For each entry, restate it word for word while omitting any image it holds.

(Data entries)
*** Block opens ***
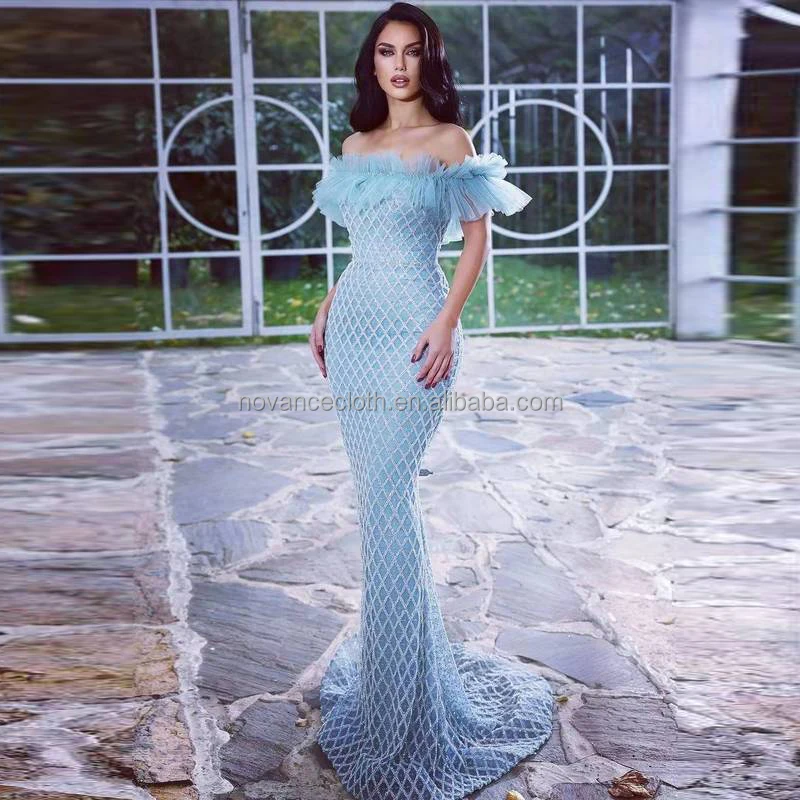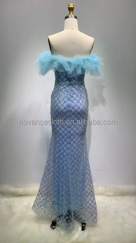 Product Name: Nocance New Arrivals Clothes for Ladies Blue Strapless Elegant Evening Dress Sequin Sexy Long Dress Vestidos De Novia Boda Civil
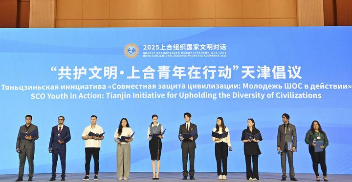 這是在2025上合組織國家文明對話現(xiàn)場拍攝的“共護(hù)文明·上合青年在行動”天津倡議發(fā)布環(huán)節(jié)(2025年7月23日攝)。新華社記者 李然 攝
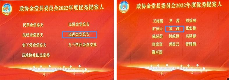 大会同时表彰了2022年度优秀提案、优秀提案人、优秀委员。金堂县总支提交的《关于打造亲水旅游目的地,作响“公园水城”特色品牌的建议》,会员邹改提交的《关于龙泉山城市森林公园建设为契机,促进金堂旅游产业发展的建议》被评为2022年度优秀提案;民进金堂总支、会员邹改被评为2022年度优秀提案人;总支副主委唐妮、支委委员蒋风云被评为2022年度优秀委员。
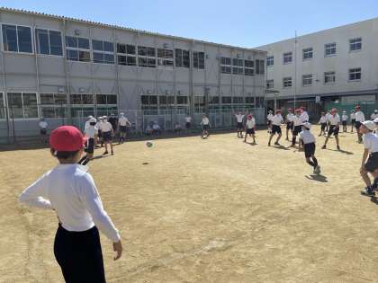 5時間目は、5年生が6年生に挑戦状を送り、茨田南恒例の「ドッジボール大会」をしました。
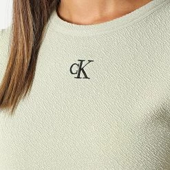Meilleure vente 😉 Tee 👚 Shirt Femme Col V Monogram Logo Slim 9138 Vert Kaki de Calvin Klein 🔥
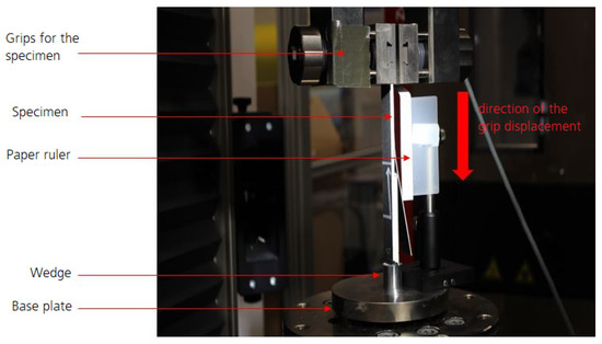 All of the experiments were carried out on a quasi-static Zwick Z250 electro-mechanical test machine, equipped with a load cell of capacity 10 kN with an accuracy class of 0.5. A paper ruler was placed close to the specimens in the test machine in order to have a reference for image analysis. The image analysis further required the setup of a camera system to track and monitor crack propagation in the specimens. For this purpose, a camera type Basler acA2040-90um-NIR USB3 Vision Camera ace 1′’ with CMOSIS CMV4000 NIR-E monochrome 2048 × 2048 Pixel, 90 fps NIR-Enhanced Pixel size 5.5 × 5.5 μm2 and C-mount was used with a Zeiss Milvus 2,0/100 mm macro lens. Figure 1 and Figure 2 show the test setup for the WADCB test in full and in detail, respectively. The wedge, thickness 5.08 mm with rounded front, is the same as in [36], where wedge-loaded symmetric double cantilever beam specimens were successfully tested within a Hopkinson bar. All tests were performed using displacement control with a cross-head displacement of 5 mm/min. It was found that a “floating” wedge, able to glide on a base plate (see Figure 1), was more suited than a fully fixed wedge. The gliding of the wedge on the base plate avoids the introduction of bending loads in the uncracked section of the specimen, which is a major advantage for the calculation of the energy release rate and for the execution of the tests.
*** Block closes ***
◆ REPLY ◆
 Product Name: Nocance New Arrivals Clothes for Ladies Blue Strapless Elegant Evening Dress Sequin Sexy Long Dress Vestidos De Novia Boda Civil
 這是在2025上合組織國家文明對話現(xiàn)場拍攝的“共護(hù)文明·上合青年在行動”天津倡議發(fā)布環(huán)節(jié)(2025年7月23日攝)。新華社記者 李然 攝
 大会同时表彰了2022年度优秀提案、优秀提案人、优秀委员。金堂县总支提交的《关于打造亲水旅游目的地,作响“公园水城”特色品牌的建议》,会员邹改提交的《关于龙泉山城市森林公园建设为契机,促进金堂旅游产业发展的建议》被评为2022年度优秀提案;民进金堂总支、会员邹改被评为2022年度优秀提案人;总支副主委唐妮、支委委员蒋风云被评为2022年度优秀委员。
 5時間目は、5年生が6年生に挑戦状を送り、茨田南恒例の「ドッジボール大会」をしました。
Meilleure vente 😉 Tee 👚 Shirt Femme Col V Monogram Logo Slim 9138 Vert Kaki de Calvin Klein 🔥
 All of the experiments were carried out on a quasi-static Zwick Z250 electro-mechanical test machine, equipped with a load cell of capacity 10 kN with an accuracy class of 0.5. A paper ruler was placed close to the specimens in the test machine in order to have a reference for image analysis. The image analysis further required the setup of a camera system to track and monitor crack propagation in the specimens. For this purpose, a camera type Basler acA2040-90um-NIR USB3 Vision Camera ace 1′’ with CMOSIS CMV4000 NIR-E monochrome 2048 × 2048 Pixel, 90 fps NIR-Enhanced Pixel size 5.5 × 5.5 μm2 and C-mount was used with a Zeiss Milvus 2,0/100 mm macro lens. Figure 1 and Figure 2 show the test setup for the WADCB test in full and in detail, respectively. The wedge, thickness 5.08 mm with rounded front, is the same as in [36], where wedge-loaded symmetric double cantilever beam specimens were successfully tested within a Hopkinson bar. All tests were performed using displacement control with a cross-head displacement of 5 mm/min. It was found that a “floating” wedge, able to glide on a base plate (see Figure 1), was more suited than a fully fixed wedge. The gliding of the wedge on the base plate avoids the introduction of bending loads in the uncracked section of the specimen, which is a major advantage for the calculation of the energy release rate and for the execution of the tests.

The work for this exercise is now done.